Data excerpts

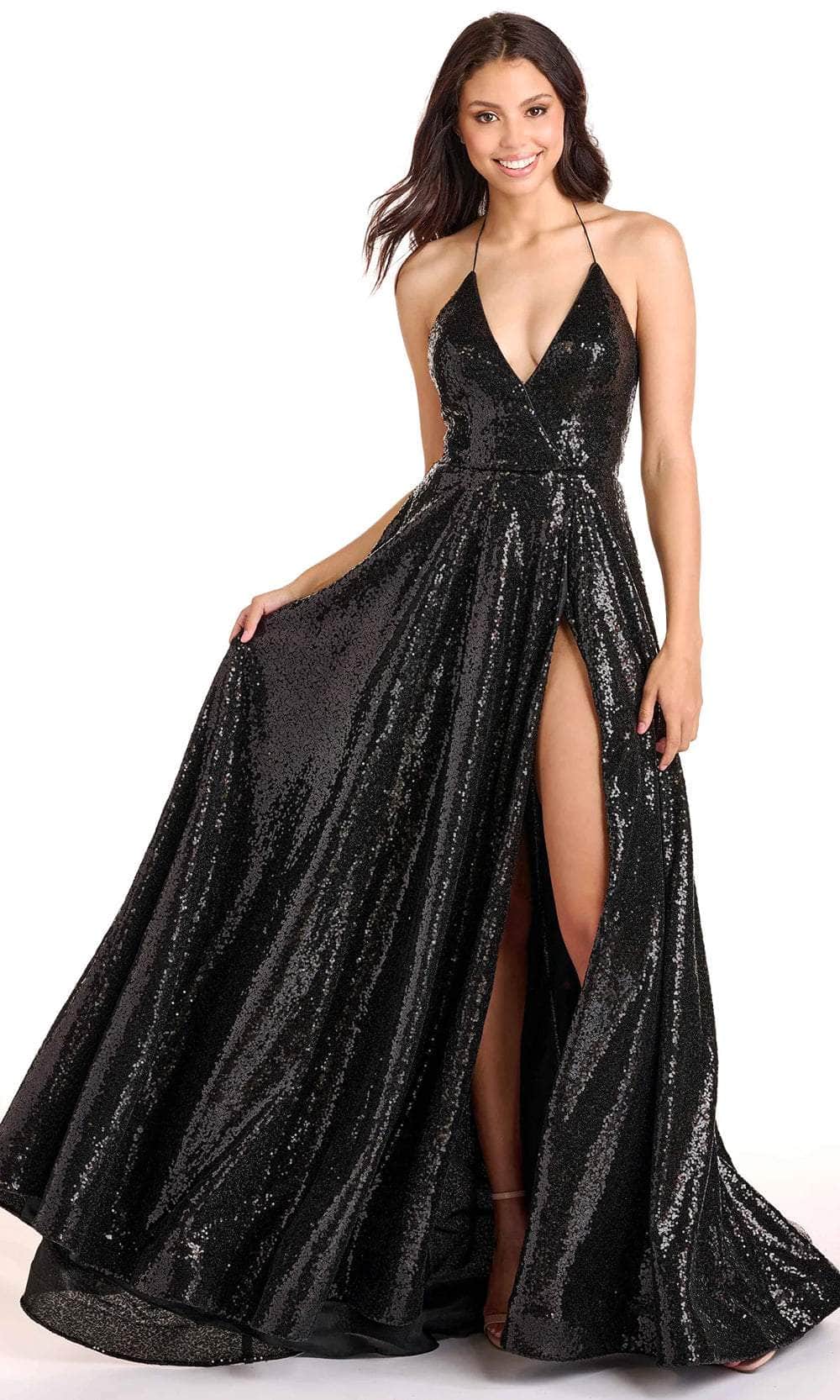 Light up the night in this eye-catching Ava Presley 27825 masterpiece. Sumptuously ornamented with radiant sequins, this sleeveless gown displays a surplice deep v-neckline, and halter-style spaghetti straps that pleasingly frame your shoulder. The backless design and front thigh-high leg slit provide a hint of enticement. The skirt forms an A-line silhouette that perfectly falls to the sweeping train. This Ava Presley 27825 creation is truly a definition of glamour. Models are wearing the Black, and Rose Gold colors.
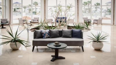 Джуниър суит с морски изглед: С площ 38 кв. м. и капацитет до 2 възрастни + 1 дете. Представлява едно помещение със спалня, просторен кът за сядане с диван, маса столове, и голяма тераса с гледка към морето.
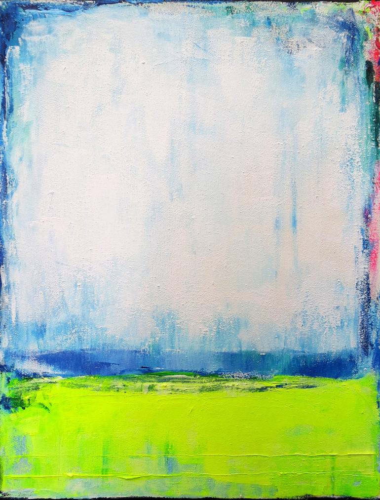 Original Neon Yellow, Yellow, Blue, White, Grey and Green abstract painting by Leon Grossmann Abstract painting. Original abstract art. 23,6 " width x 31,5 " height x 1.6" depth. (60 cm Breite x 80 cm Höhe x 4 cm Keilrahmenstärke) It was painted with professional Acrylic Colors. Paint on canvas...
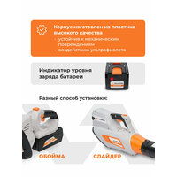 Корпус литий-ионной батареи выполнен из прочного, УФ-устойчивого пластика, который не выцветает, остаётся тактильно приятным и безопасным. Удобная индикация: 4 ярких светодиода показывают уровень заряда.
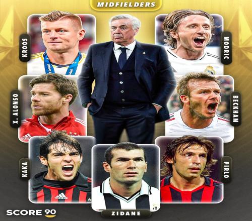 中场:克罗斯、哈维-阿隆索、卡卡、齐达内、皮尔洛、贝克汉姆、莫德里奇
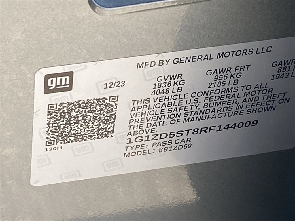 - VIN : 1G1ZD5ST8RF144009
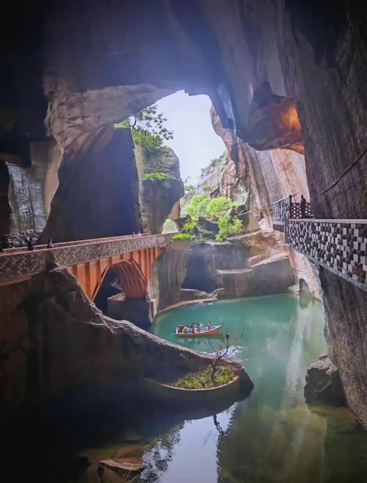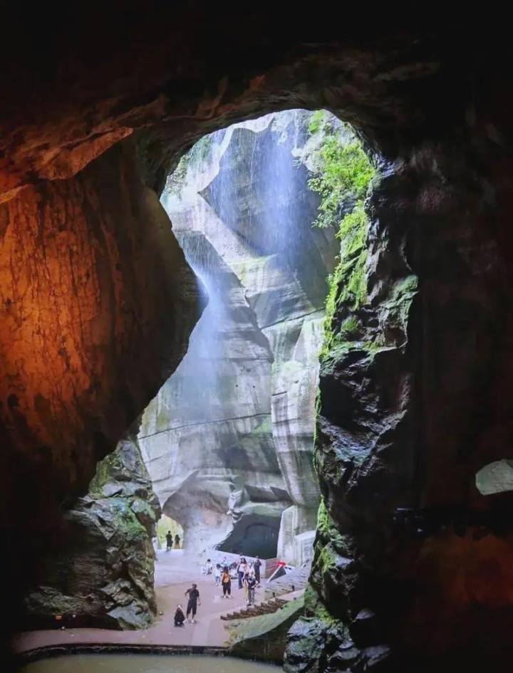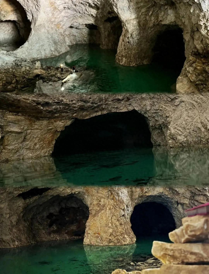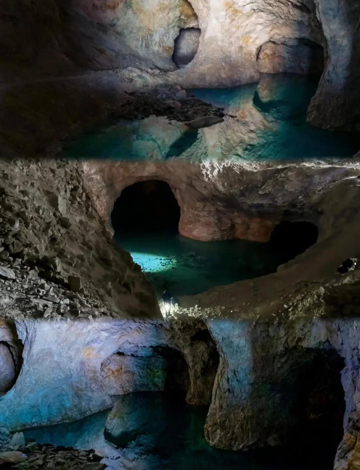洞内还有两处积水潭,每当光线充足之际,潭水便会呈现出迷人的湛蓝
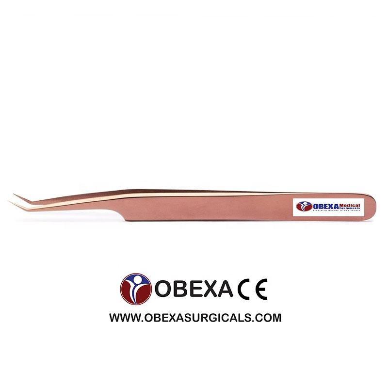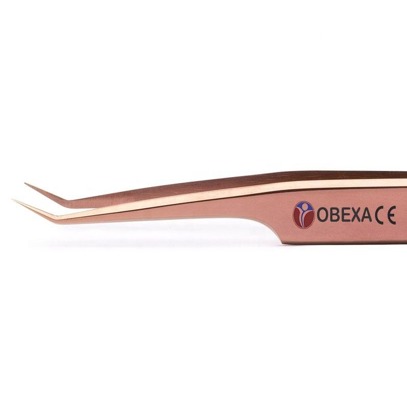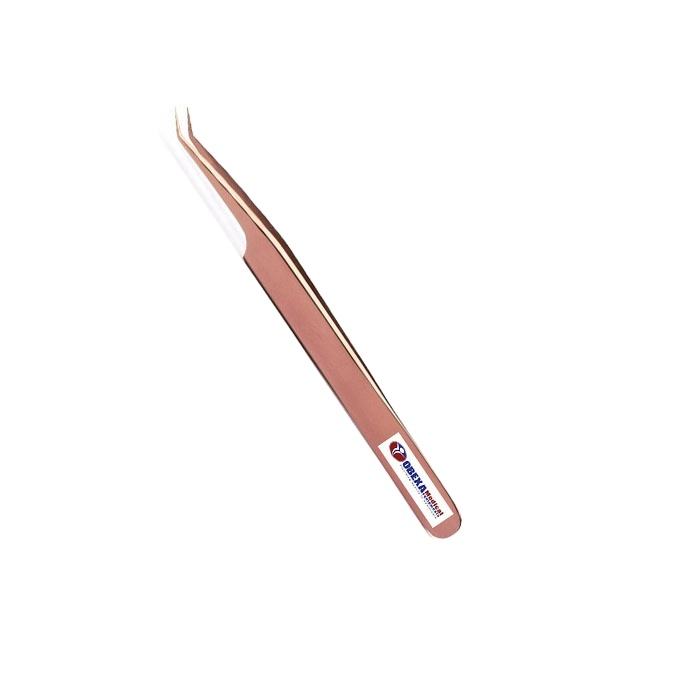 Royal Tweezer OBR-400544 12cm Rose Gold Stainless Steel Volume Eyelash Extension Tweezers 45 Degree with Rounded Tip
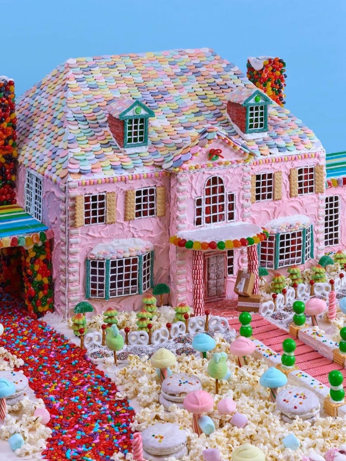 Houses & Parties, an events, interior design and retail collective, delivers gingerbread maximalism, full stop. Founder Rebecca Gardner’s candy-crafted Georgian mansions look like Wes Anderson directed a holiday bake-off, complete with Nerds-paved driveways, peppermint columns, gumball topiaries and Snowcap garden paths. It’s high-camp confectionery architecture.
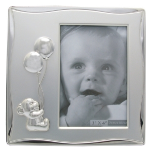 Cornice foto personalizzata – orsacchiotto ( foto 10 x 15 cm). Placca argent. Incisione nel prezzo!
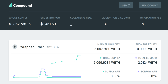 To make sure no one thinks they’re getting scammed, Compound is also releasing a transparency dashboard users can view to check up on all the assets moving through the protocol and see what Compound is earning. It charges 10 percent of what borrowers pay in interest, with the rest going to the lender. That margin is what attracted the $8.2 seed round for Compound that also included Polychain Capital and Bain Capital Ventures.
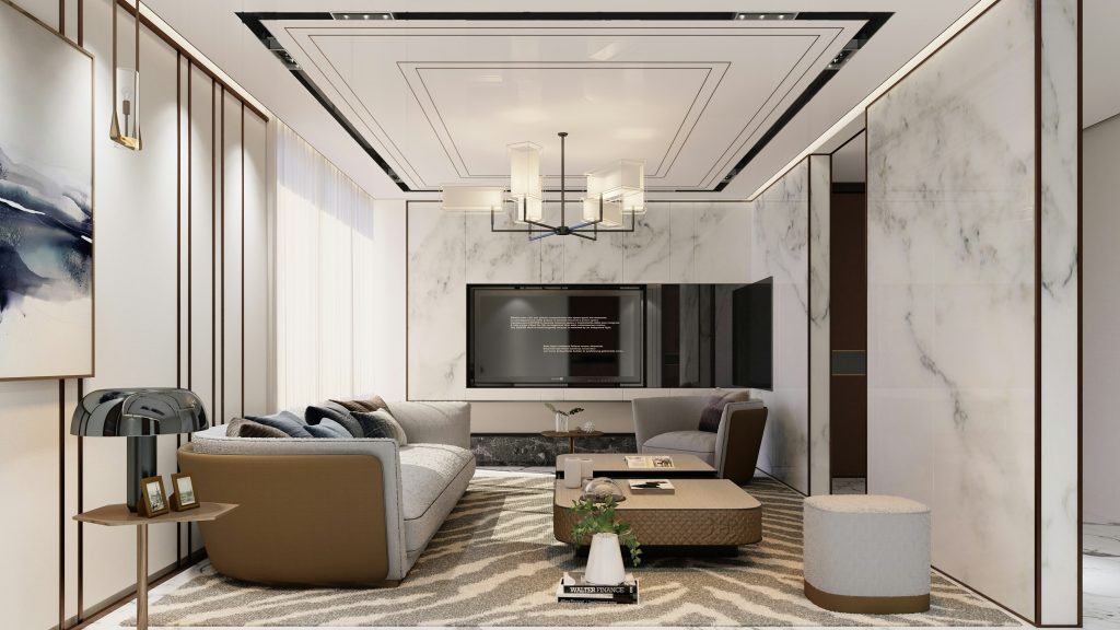 Luxury is often defined by the materials used. Marble coffee tables, velvet sofas, leather armchairs, and natural wood accents instantly elevate the space. Mixing textures—such as soft fabrics with polished surfaces—adds depth and visual interest without overwhelming the design.
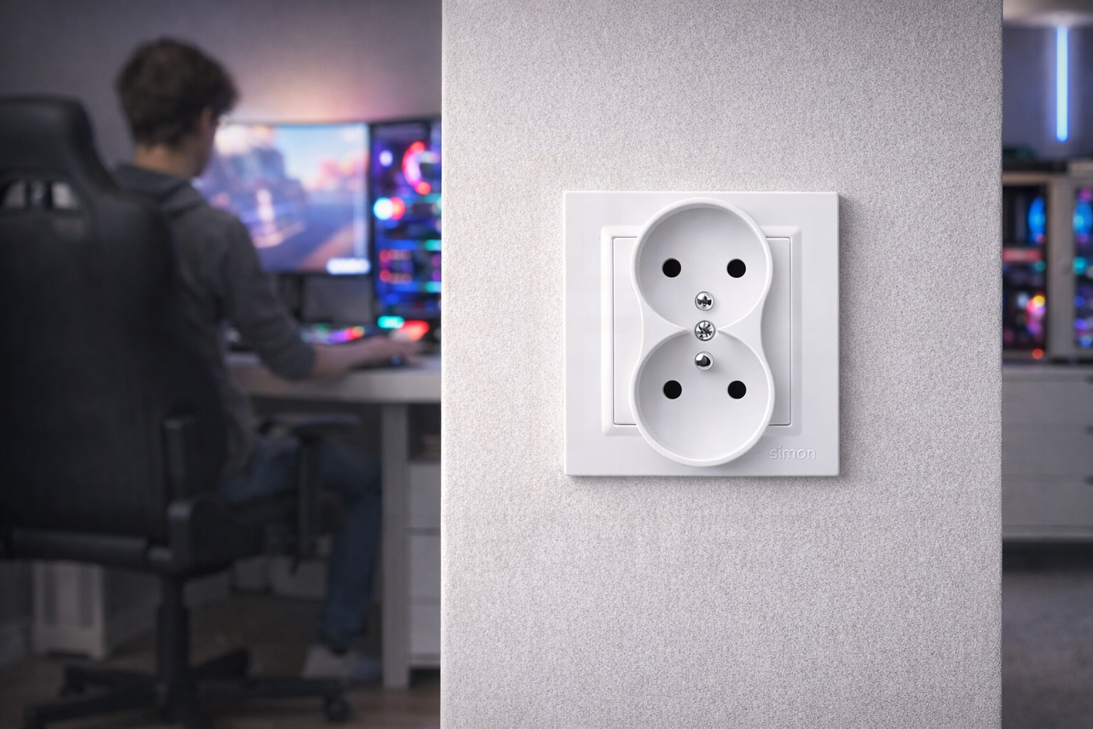 Gniazdo podwójne Simon 10 CGZ2/11 w wersji kompletnej (monoblock) przeznaczone jest do montażu natynkowego w instalacjach elektrycznych. Umożliwia podłączenie dwóch urządzeń jednocześnie w jednym punkcie zasilania. Wyposażone w bolec ochronny zapewnia prawidłowe uziemienie podłączonych odbiorników.
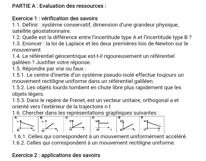 Epreuves Physique 1ère D

**EXERCISE INSTRUCTIONS**: Copy word for word the lines above, starting at the line containing "Корпус литий-ионной батареи" and ending at the line containing "Houses & Parties, an", inclusive, with no pictures.

**THE COMPLETED TASK**:
 Корпус литий-ионной батареи выполнен из прочного, УФ-устойчивого пластика, который не выцветает, остаётся тактильно приятным и безопасным. Удобная индикация: 4 ярких светодиода показывают уровень заряда.
 中场:克罗斯、哈维-阿隆索、卡卡、齐达内、皮尔洛、贝克汉姆、莫德里奇
 - VIN : 1G1ZD5ST8RF144009
洞内还有两处积水潭,每当光线充足之际,潭水便会呈现出迷人的湛蓝
 Royal Tweezer OBR-400544 12cm Rose Gold Stainless Steel Volume Eyelash Extension Tweezers 45 Degree with Rounded Tip
 Houses & Parties, an events, interior design and retail collective, delivers gingerbread maximalism, full stop. Founder Rebecca Gardner’s candy-crafted Georgian mansions look like Wes Anderson directed a holiday bake-off, complete with Nerds-paved driveways, peppermint columns, gumball topiaries and Snowcap garden paths. It’s high-camp confectionery architecture.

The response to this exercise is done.